Reputation: 2119
The query below groups the results from first
into 4 equally spaced date bins and aggregates an average for the_value
in each bin.
WITH first as(
SELECT
extract(EPOCH FROM foo.t_date) as the_date,
foo_val as the_value
FROM bar
INNER JOIN foo
ON
foo.user_id = bar.x_id
and
foo.user_name = 'xxxx'
)
SELECT bin, round(sum(bin_sum) OVER w /sum(bin_ct) OVER w, 2) AS running_avg
FROM (
SELECT width_bucket(first.the_date
, x.min_epoch, x.max_epoch, x.bins) AS bin
, sum(first.the_value) AS bin_sum
, count(*) AS bin_ct
FROM first
, (SELECT MIN(first.the_date) AS min_epoch
, MAX(first.the_date) AS max_epoch
, 4 AS bins
FROM first
) x
GROUP BY 1
) sub
WINDOW w AS (ORDER BY bin)
ORDER BY 1;
I would like to be able to only calculate the average for the lowest say 20 the_value
's in each bin. From other posts here on Stackoverflow I have seen that this is possible and that perhaps ORDER BY the_value
and rank()
is the best way to go about it. But my struggle is that I'm not sure where my current query should be modified to implement this.

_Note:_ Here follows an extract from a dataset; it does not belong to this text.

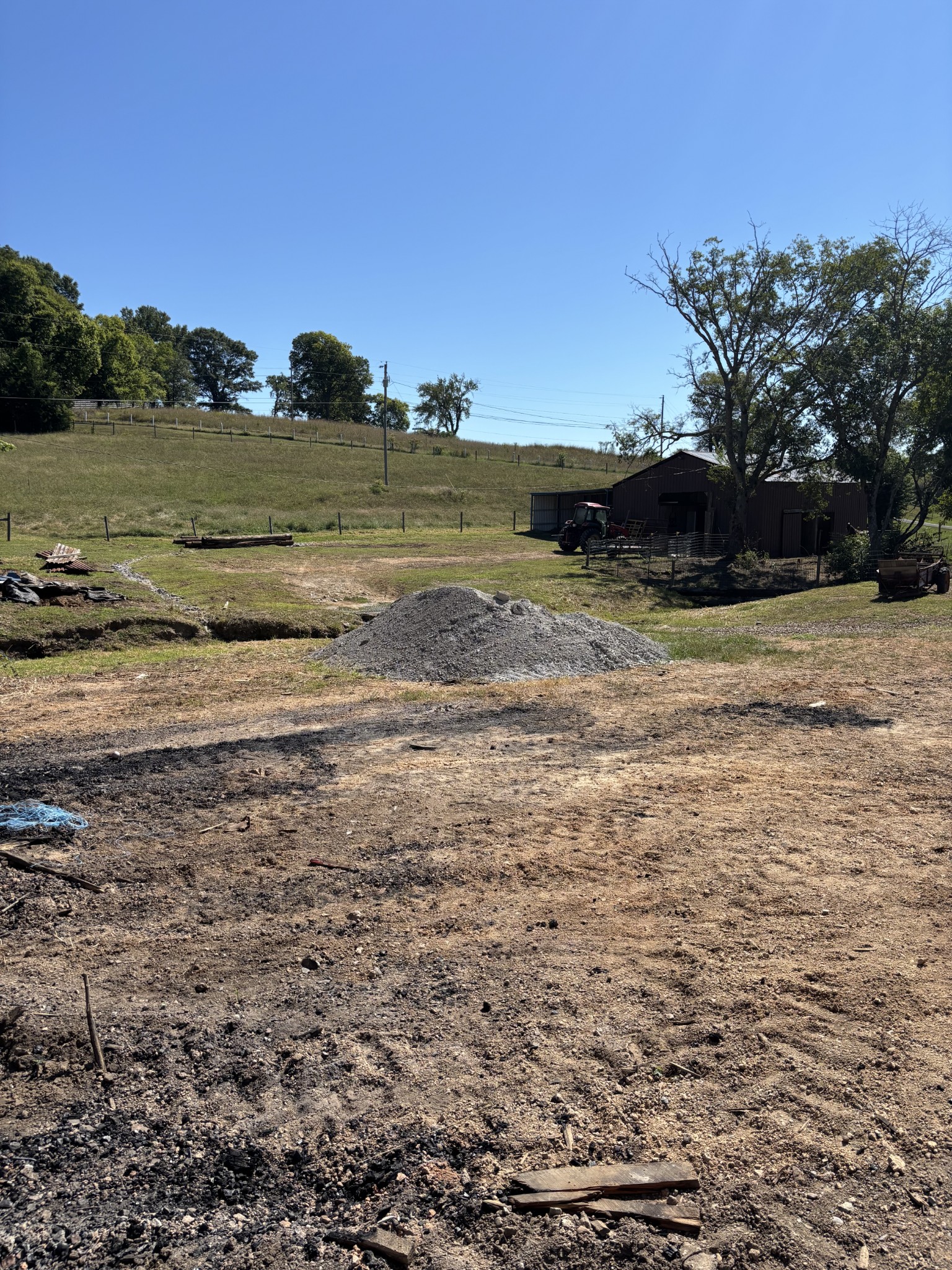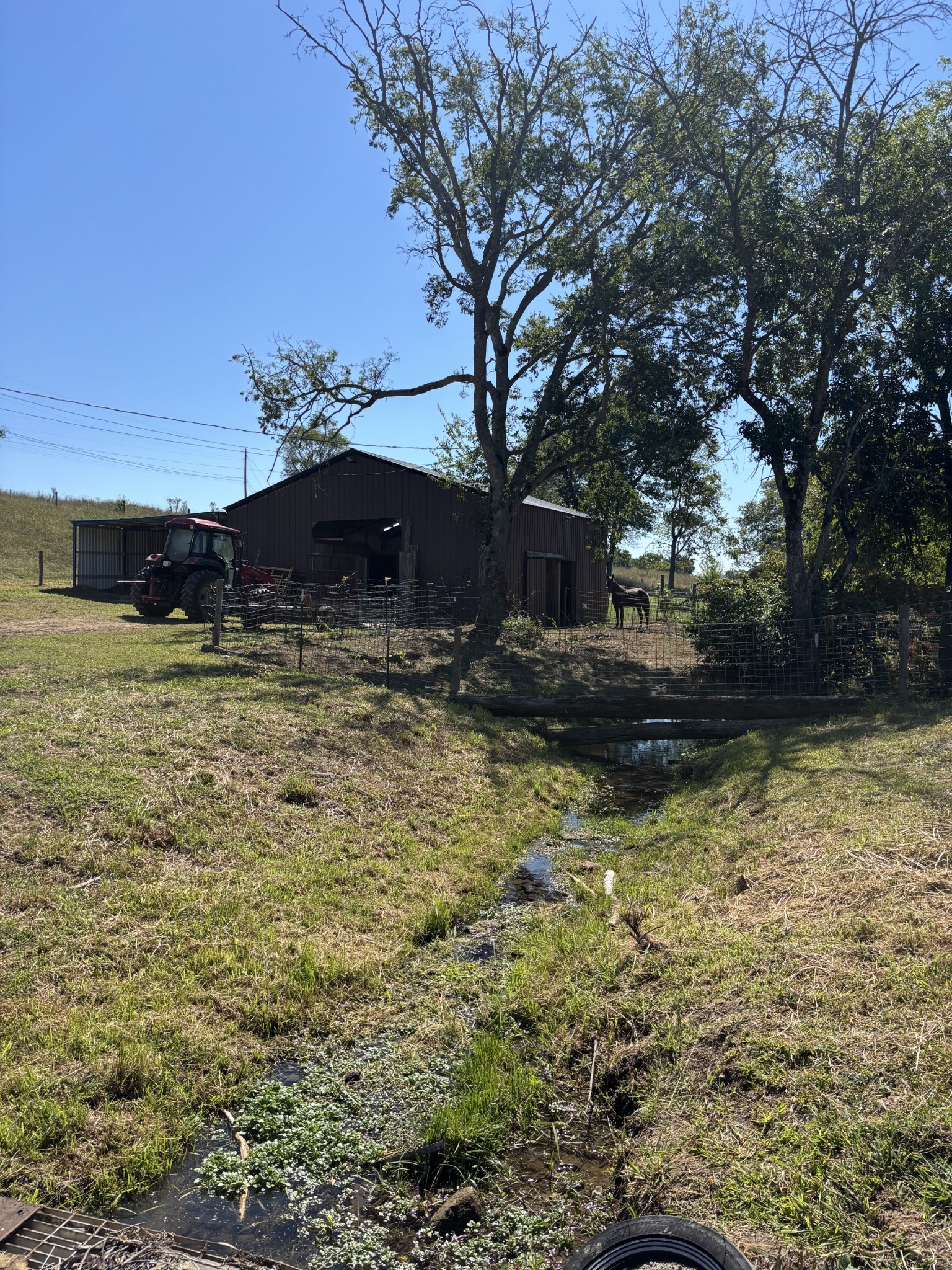 9.9 Acres in a Prime Location! Nice 2 Stall Horse Barn w/ Wash Bay, Work Area and Tack Room/Office; Water available for Barn from creek at road (Buyer will need to put in new sump pump); Preliminary Soils Work has been completed (see attached High Intensity Soil Map). Soil Area is Marked with Post and Yellow Ribbon; Buyer to purchase Permit from Health Department; City Water available at road, Buyer to purchase water tap from Lewisburg Water; Creek runs through Land on both sides of Property at Road;

Any insight would be appreciated.
Postgres version 9.3
Upvotes: 3
Views: 4520
Reputation: 656351
Use row_number()
on each bin.
First compute the row number rn
, then apply WHERE rn < 21
in the next step:
WITH first AS (
SELECT extract(EPOCH FROM foo.t_date) AS the_date
, foo_val AS the_value
FROM bar
JOIN foo ON foo.user_id = bar.x_id
AND foo.user_name = 'xxxx'
)
, x AS (
SELECT MIN(the_date) AS min_epoch
, MAX(the_date) AS max_epoch
FROM first
)
, y AS (
SELECT width_bucket(f.the_date, x.min_epoch, x.max_epoch, 4) AS bin, *
FROM first f, x
)
, z AS (
SELECT row_number() OVER (PARTITION BY bin ORDER BY the_value) AS rn, *
FROM y
)
SELECT bin, round(sum(bin_sum) OVER w / sum(bin_ct) OVER w, 2) AS running_avg
FROM (
SELECT bin
, sum(the_value) AS bin_sum
, count(*) AS bin_ct
FROM z
WHERE rn < 21 -- max 20 lowest values
GROUP BY 1
) sub
WINDOW w AS (ORDER BY bin)
ORDER BY 1;
CTEs y
and z
could be conflated. Similarly first
and x
could be conflated.
But it's clearer that way.
Untested, since we don't have test data.
Upvotes: 2